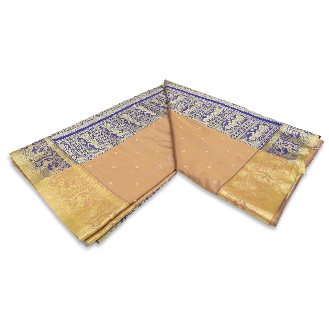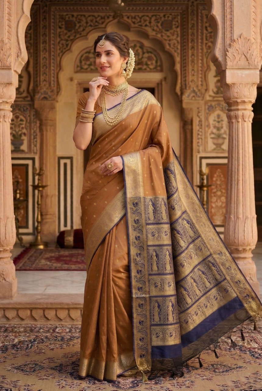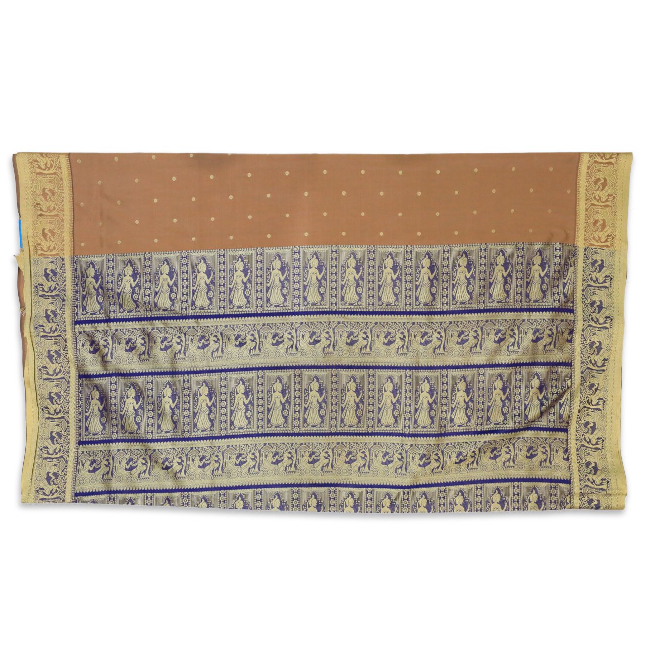 A caramel brown body with fine gold Zari dot motifs spread across the body with golden Zari border depicting horse carriage under tree in finest form. Pallu adding charm in royal indigo color with stripes having women figurine and horse carriage under tree in alternate stripes giving it rich traditional look and aristocratic charisma.
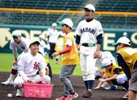 星稜・山下名誉監督、横浜・渡辺元監督らが小学生を指導 甲子園キッズフェスタ
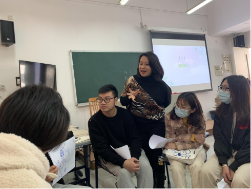 紧接着,同学们分成了六组,以小组的形式开展了绘画疗法的体验活动,同学们就“我是谁”、“我是如何成为自己的”、“未来的我”三个问题进行绘画。绘画完成后,每位同学在小组中分享自己的图画,其他组员就作品进行提问,双方在互动过程中深切感受绘画疗法。与此同时,徐娟老师和刘亚老师也积极地参与到每一组的分享与讨论之中,针对同学们在小组中的表现给出了自己的建议和看法,帮助同学们更加深入地体验绘画疗法的治疗过程。

### EXERCISE BRIEF
All of the lines above should be retyped precisely, apart from the pictures.

### THE ANSWER
 A caramel brown body with fine gold Zari dot motifs spread across the body with golden Zari border depicting horse carriage under tree in finest form. Pallu adding charm in royal indigo color with stripes having women figurine and horse carriage under tree in alternate stripes giving it rich traditional look and aristocratic charisma.
 星稜・山下名誉監督、横浜・渡辺元監督らが小学生を指導 甲子園キッズフェスタ
 紧接着,同学们分成了六组,以小组的形式开展了绘画疗法的体验活动,同学们就“我是谁”、“我是如何成为自己的”、“未来的我”三个问题进行绘画。绘画完成后,每位同学在小组中分享自己的图画,其他组员就作品进行提问,双方在互动过程中深切感受绘画疗法。与此同时,徐娟老师和刘亚老师也积极地参与到每一组的分享与讨论之中,针对同学们在小组中的表现给出了自己的建议和看法,帮助同学们更加深入地体验绘画疗法的治疗过程。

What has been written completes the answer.